Fortinet Discovers Microsoft Windows 10 Platform Privilege Escalation Vulnerability
Summary
Fortinet's FortiGuard Labs has discovered a Privilege Escalation vulnerability in Microsoft's Windows 10 Platform.
Windows 10 is a series of operating systems produced by Microsoft and released as part of its Windows NT family of operating systems. It is the successor to Windows 8.1 and broadly released to the public on July 29, 2015. Windows 10 receives new builds on an ongoing basis, in addition to additional test builds available to Windows Insiders. By April 2020, an estimated 70.98% of traditional PCs across the world are running Windows. Across all platforms (PC, mobile, tablet and console), 35% of devices run some kind of Windows, Windows 10 or older.

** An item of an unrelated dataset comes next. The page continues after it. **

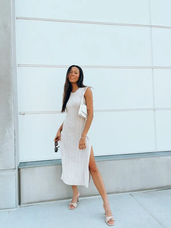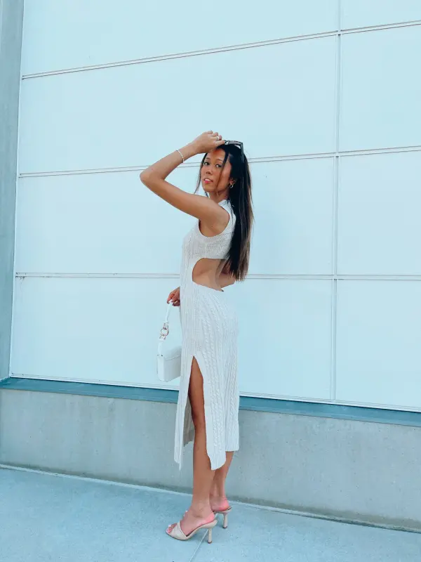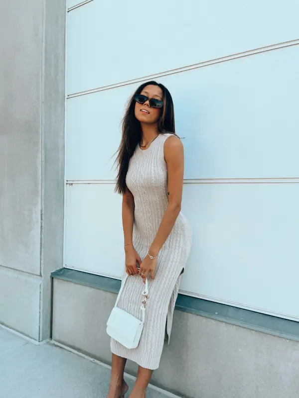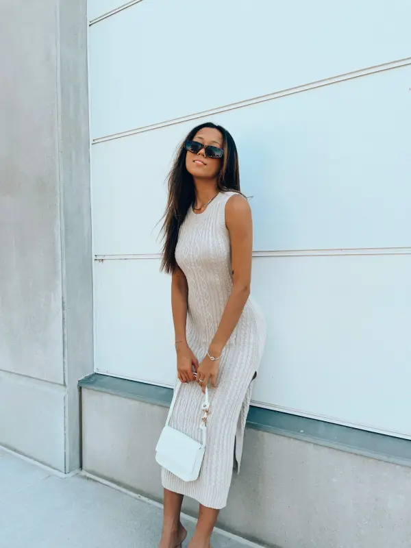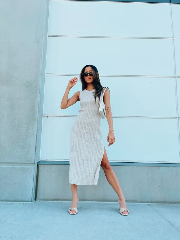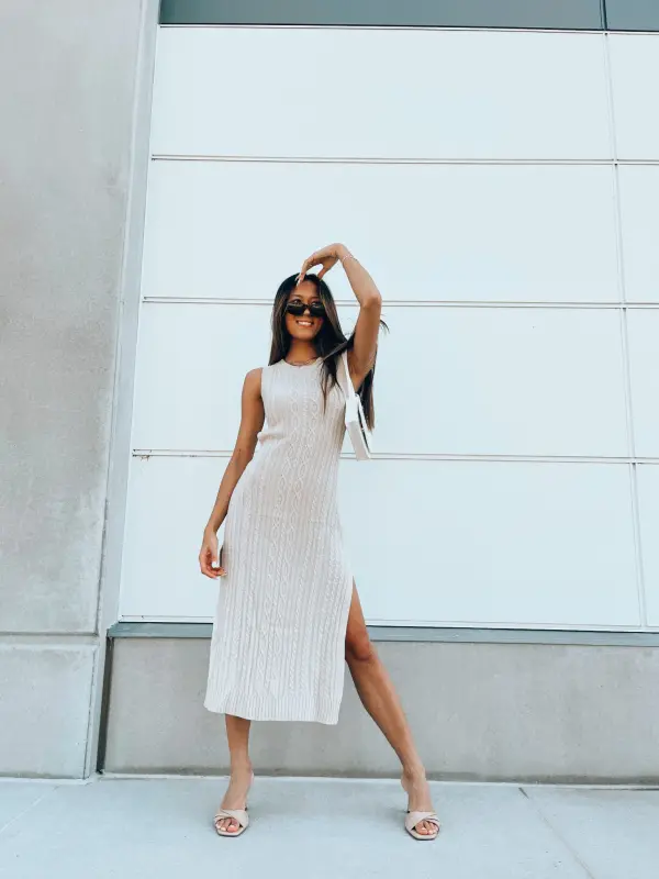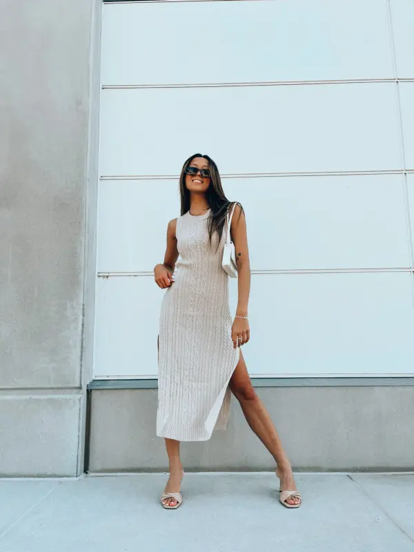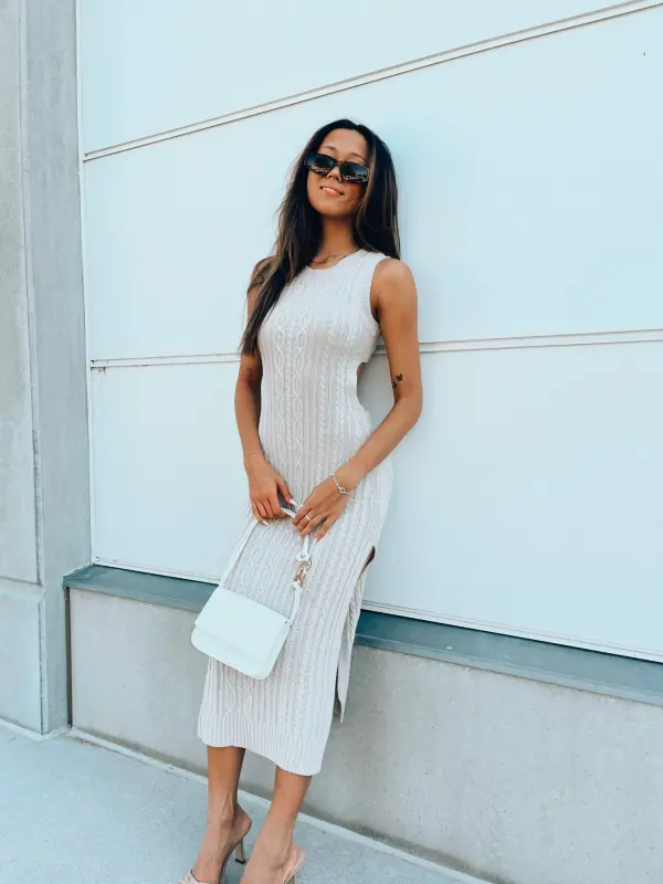 Our Sleeveless Midi Sweater Dress has a knitted fabric that has a good stretch to it. There are two side slits and an open back detail. The inside is NOT LINED.

A Privilege Escalation vulnerability has been discovered in the Windows 10 Platform by FortiGuard Labs. The vulnerability is caused due to a Race Condition and the lack of privilege segregation within the Diagnostic Data / Telemetry Settings across all users (on a device). This could lead to unauthorized changes to Privacy Settings for all Users (including Administrator) on the Device.
Solutions
Users should apply the solution provided by Microsoft.
Fortinet's FortiEDR product can protect this vulnerability.
Timeline
Fortinet reported the vulnerability to Microsoft on February 13, 2020.
Microsoft confirmed the vulnerability on March 31, 2020.
Microsoft patched the vulnerability on June 09, 2020.